I mean, that's part of pain tolerance. It isn't just how much pain you feel, it's how much you can take.
Chronic pain has taught me a lot about what is and isn't bearable. Things that when they were new would leave me sobbing, I now don't even show more than a frown and gritted teeth for on a good day.
Part of that is taking the pain, putting it in a little box cake "I will not fucking quit" and throwing that box into the depths of the mind where it can't bother you for a while. Your body still hurts, you still know it hurts, but you keep going until you can't, and the pain can just fuck right off.
Now, let me stub my fucking toe while doing all that and it cuts right through all of that and says "nah, dawg, you gonna feel this". Different pain, and acute.
So, little shit like shocks and needles in muscles, and the like, you know they're coming, and they go right in the box with the chronic, and into the oubliette of agony.
That kind of pain testing?
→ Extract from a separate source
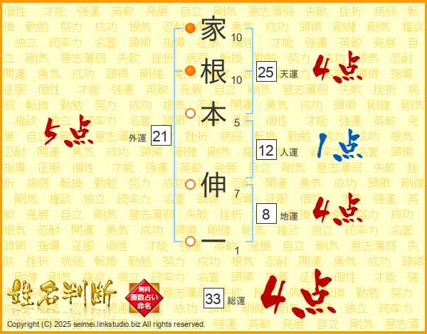家根本伸一さんの総運は33画の4点!
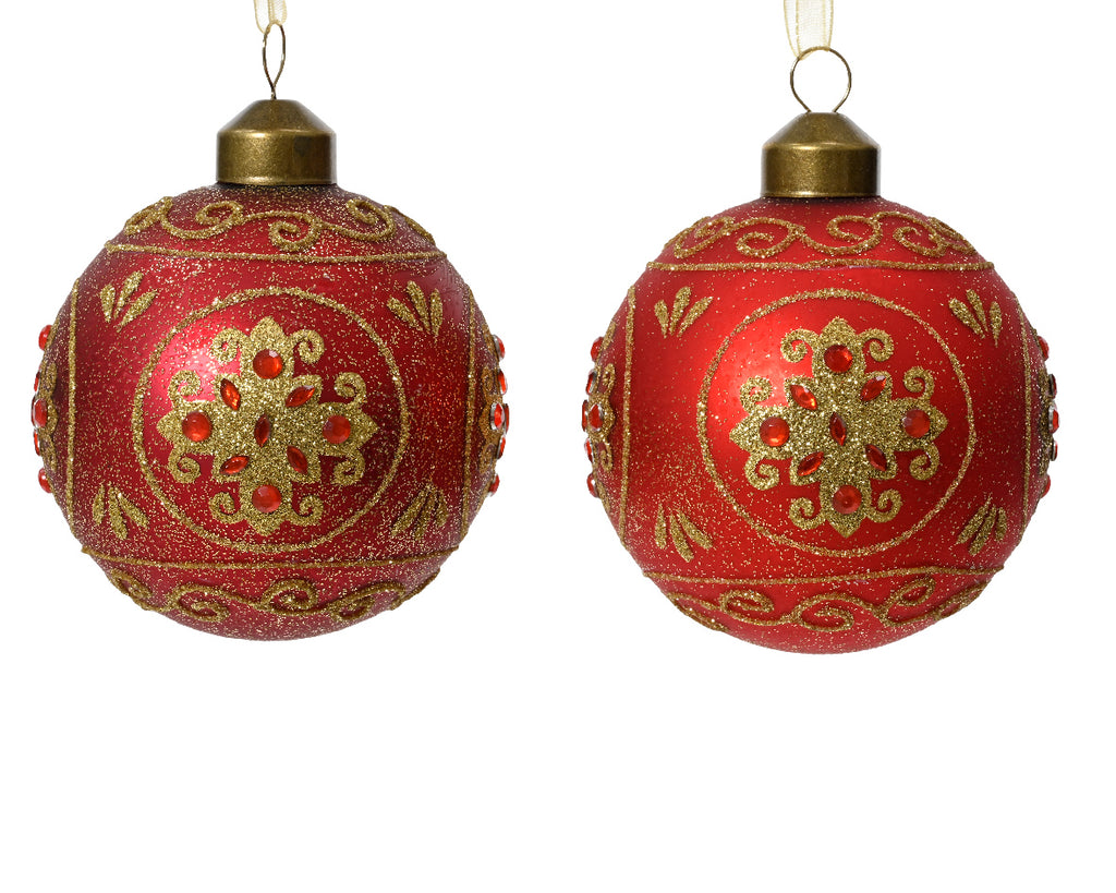 Palla Di Natale Vetro Red Cm Dettaglio Oro 8 Cm 1 Pz

That's totally within mental techniques' ability to ignore. Your pulse will still change, blood pressure too, but it's still a distant thing that won't reach you for a while.
But everyone is different. You can take two people with the same injury, and they'll tolerate it differently, even if they're siblings of the same gender.
Part of that is indeed built in, but there is always a psychological component to pain perception.
Now, please note that I'm not saying that walling pain off and ignoring it until you've injured yourself is a good thing, much less better than letting pain guide your actions so that it isn't worse later. I'm just saying that the green text is realistic, and the person responding like that may not be bullshitting, they may just have worked on managing pain.